• Problem: Your answer is the line containing "Die Diagnose Krebs" plus every line after it through the end of the records, printed exactly and free of pictures.

• Source records:
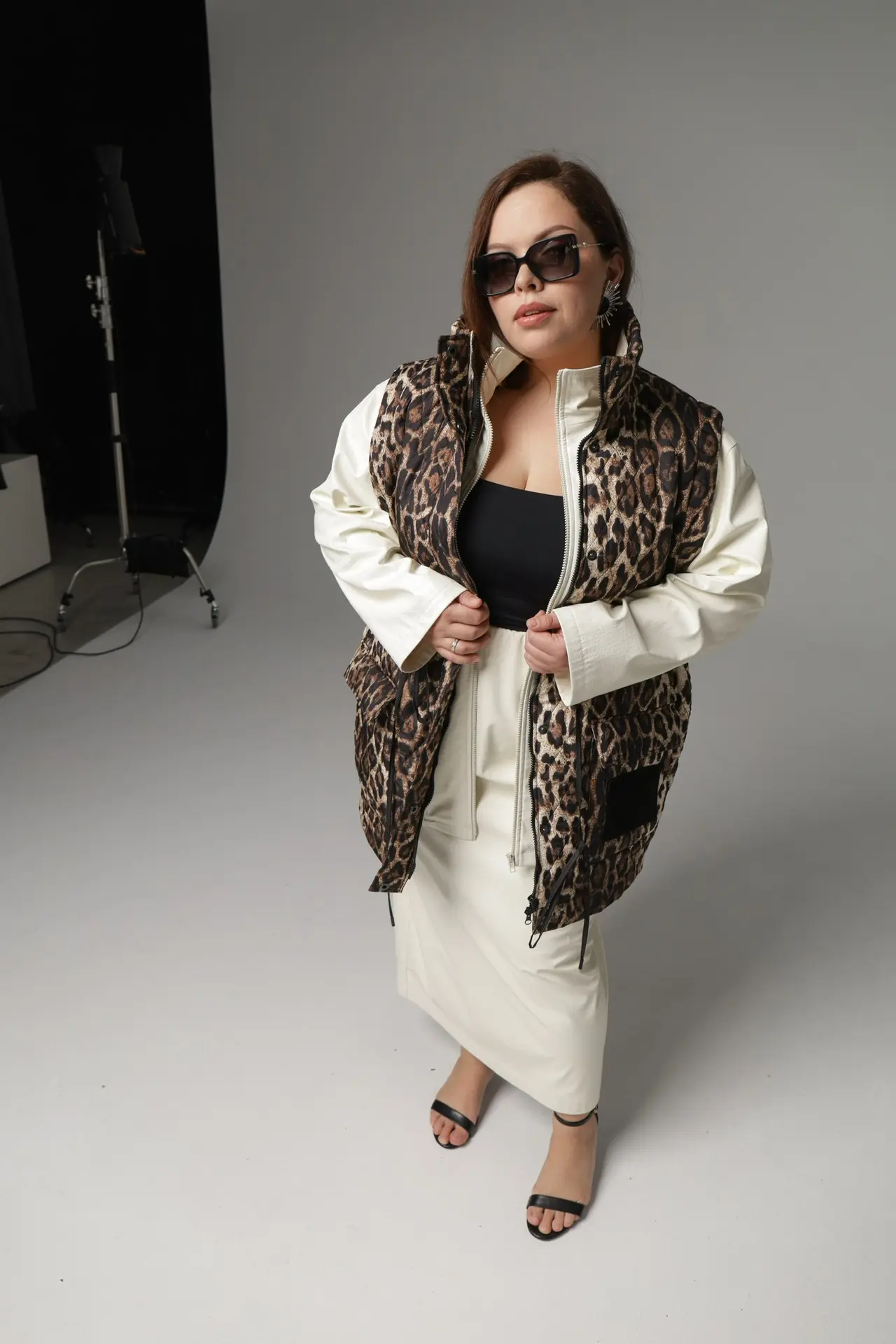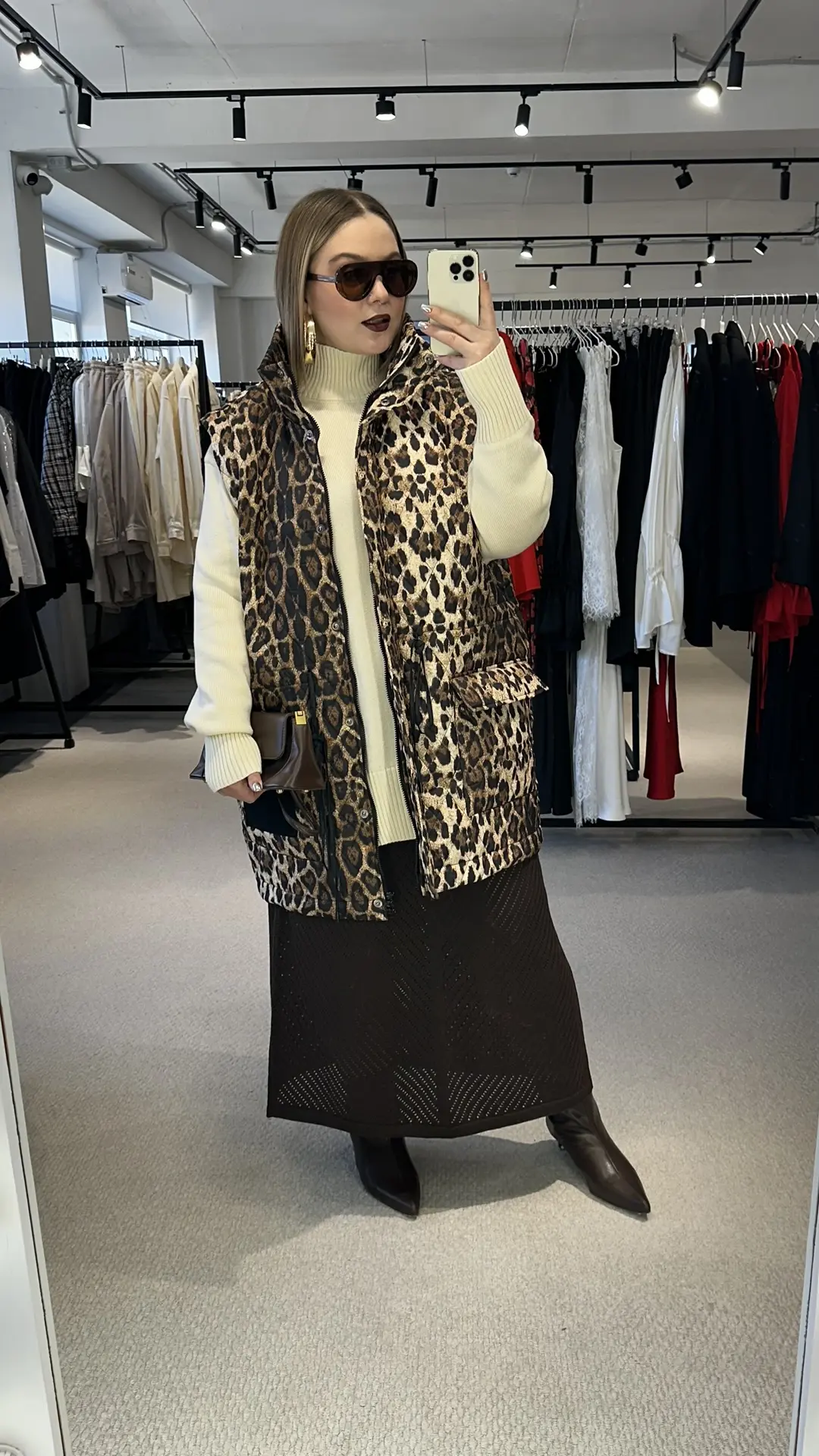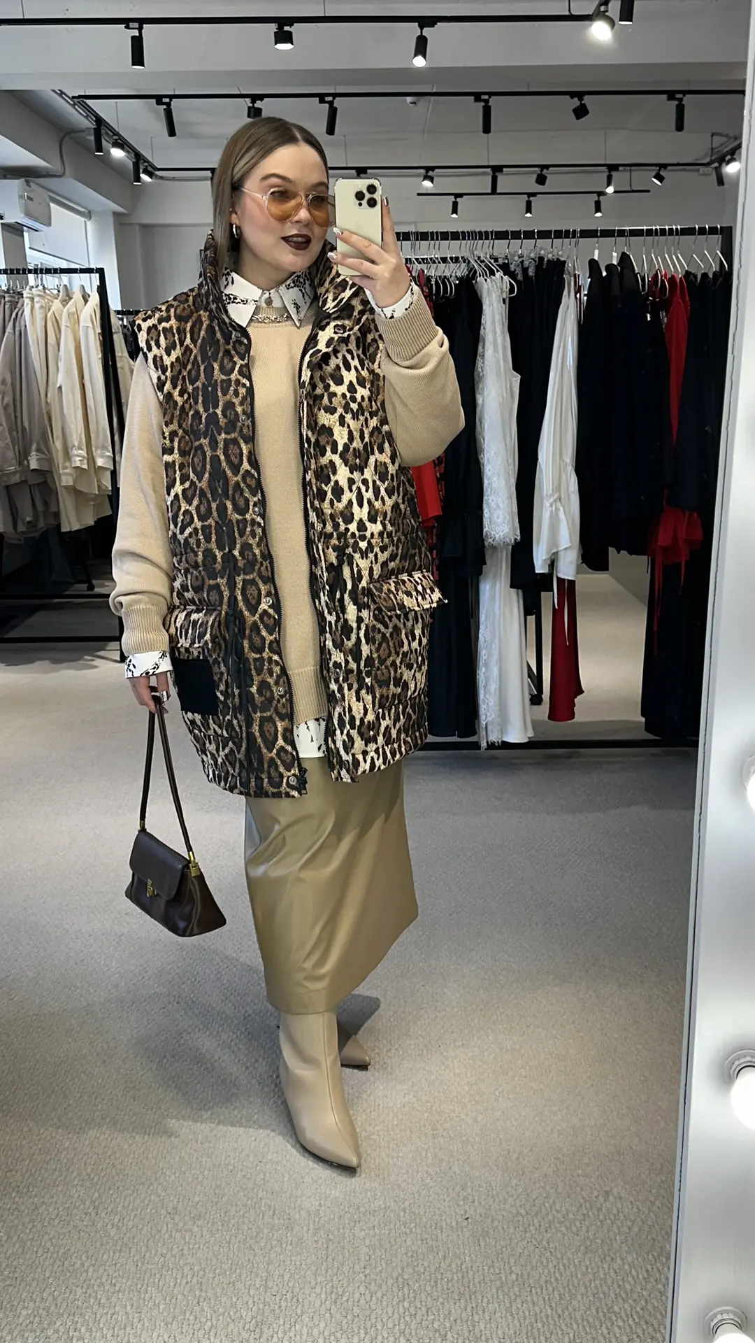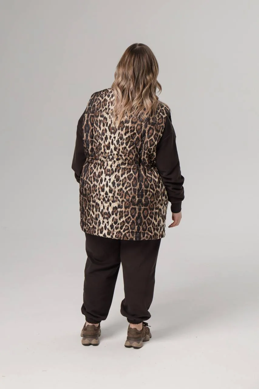 Утепленный жилет ALTAI в принте лео шоколад — идеальный выбор для межсезонья 🤎
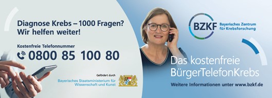 Die Diagnose Krebs ist belastend und wirft viele Fragen auf: Was muss ich jetzt tun? Welche Möglichkeiten habe ich? In dieser schwierigen Situation bietet das BürgerTelefonKrebs des Bayerischen Zentrums für Krebsforschung (BZKF) bayernweit eine kostenfreie telefonische Krebsberatung. Hier finden Patientinnen und Patienten sowie deren Angehörige Rat und Hilfe. Kompetent, vertraulich und anonym.
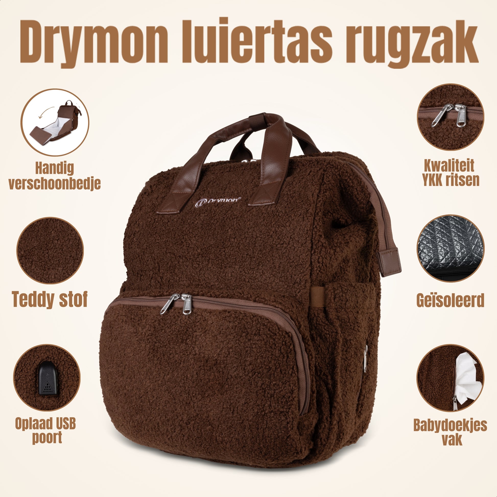 Met de Drymon luiertas-rugzak heb je altijd alles georganiseerd en binnen handbereik, precies wanneer je het nodig hebt. Geen haastig zoeken in een overvolle tas, geen frustratie, alleen rust en gemak. Zodat jij je kunt focussen op wat echt telt: genieten van de momenten met je kleintje.
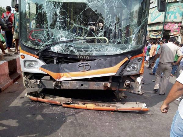 ദില്ലി റെയില്വേ സ്റ്റേഷനില് നിന്നും അബേദ്ക്കര് നഗറിലേക്കു വരുന്ന 419 നമ്പര് ബസ്സാണ് ഇടിച്ചത്. യാത്രക്കിടെ ഡ്രൈവര് വാജിദ് അലിക്ക(40) അസ്വസ്ഥത അനുഭവപ്പെട്ടതിനെ തുടര്ന്ന് അബന്ധത്തില് ആക്സിലറേറ്ററില് ചവിട്ടിയതാണ് ബസ്സ് നിയന്ത്രണം വിടാന് കാരണമായത്.
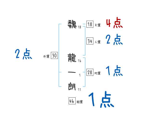 魏龍一朗さんの画数の鑑定結果
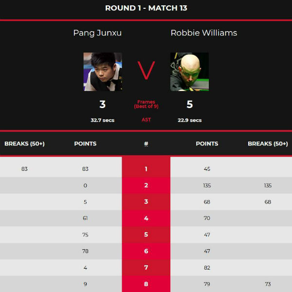 首局比赛中,威廉姆斯率先获得围球上手机会,进攻断断续续中断在45分,此后庞俊旭毫不手软完成一杆83分超分制胜1-0领先。第2局中威廉姆斯进攻端打出高水平,上手完成单杆135分大号破百,也是目前为止赛会单杆最高分,第3局中威廉姆斯在乱局中不断吃进分数,单杆68分超分拿下这局,总分2-1反超。第4局两人陷入反复缠斗,在彩球阶段庞俊旭拼球失误,威廉姆斯清台70-61拿下这局,总分来到3-1领先。
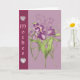 A mauve card with tulips and a couple of hearts,on a nice border on the side
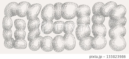 Dotwork abstract background with abstract blob, stylized intestine , black grain dotted texture. Abstract stipple sand effect, gradient backdrop from dots. Vector vintage print illustration.
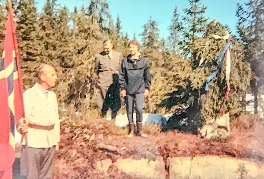 Sigrid fotografert i forbindelse med avdukingen av bautaen på Vestskauen i mai 1970. Til venstre for henne Ahlert Horn, Milorgs distriktssjef under krigen.

• Expected answer:
 Die Diagnose Krebs ist belastend und wirft viele Fragen auf: Was muss ich jetzt tun? Welche Möglichkeiten habe ich? In dieser schwierigen Situation bietet das BürgerTelefonKrebs des Bayerischen Zentrums für Krebsforschung (BZKF) bayernweit eine kostenfreie telefonische Krebsberatung. Hier finden Patientinnen und Patienten sowie deren Angehörige Rat und Hilfe. Kompetent, vertraulich und anonym.
 Met de Drymon luiertas-rugzak heb je altijd alles georganiseerd en binnen handbereik, precies wanneer je het nodig hebt. Geen haastig zoeken in een overvolle tas, geen frustratie, alleen rust en gemak. Zodat jij je kunt focussen op wat echt telt: genieten van de momenten met je kleintje.
 ദില്ലി റെയില്വേ സ്റ്റേഷനില് നിന്നും അബേദ്ക്കര് നഗറിലേക്കു വരുന്ന 419 നമ്പര് ബസ്സാണ് ഇടിച്ചത്. യാത്രക്കിടെ ഡ്രൈവര് വാജിദ് അലിക്ക(40) അസ്വസ്ഥത അനുഭവപ്പെട്ടതിനെ തുടര്ന്ന് അബന്ധത്തില് ആക്സിലറേറ്ററില് ചവിട്ടിയതാണ് ബസ്സ് നിയന്ത്രണം വിടാന് കാരണമായത്.
 魏龍一朗さんの画数の鑑定結果
 首局比赛中,威廉姆斯率先获得围球上手机会,进攻断断续续中断在45分,此后庞俊旭毫不手软完成一杆83分超分制胜1-0领先。第2局中威廉姆斯进攻端打出高水平,上手完成单杆135分大号破百,也是目前为止赛会单杆最高分,第3局中威廉姆斯在乱局中不断吃进分数,单杆68分超分拿下这局,总分2-1反超。第4局两人陷入反复缠斗,在彩球阶段庞俊旭拼球失误,威廉姆斯清台70-61拿下这局,总分来到3-1领先。
 A mauve card with tulips and a couple of hearts,on a nice border on the side
 Dotwork abstract background with abstract blob, stylized intestine , black grain dotted texture. Abstract stipple sand effect, gradient backdrop from dots. Vector vintage print illustration.
 Sigrid fotografert i forbindelse med avdukingen av bautaen på Vestskauen i mai 1970. Til venstre for henne Ahlert Horn, Milorgs distriktssjef under krigen.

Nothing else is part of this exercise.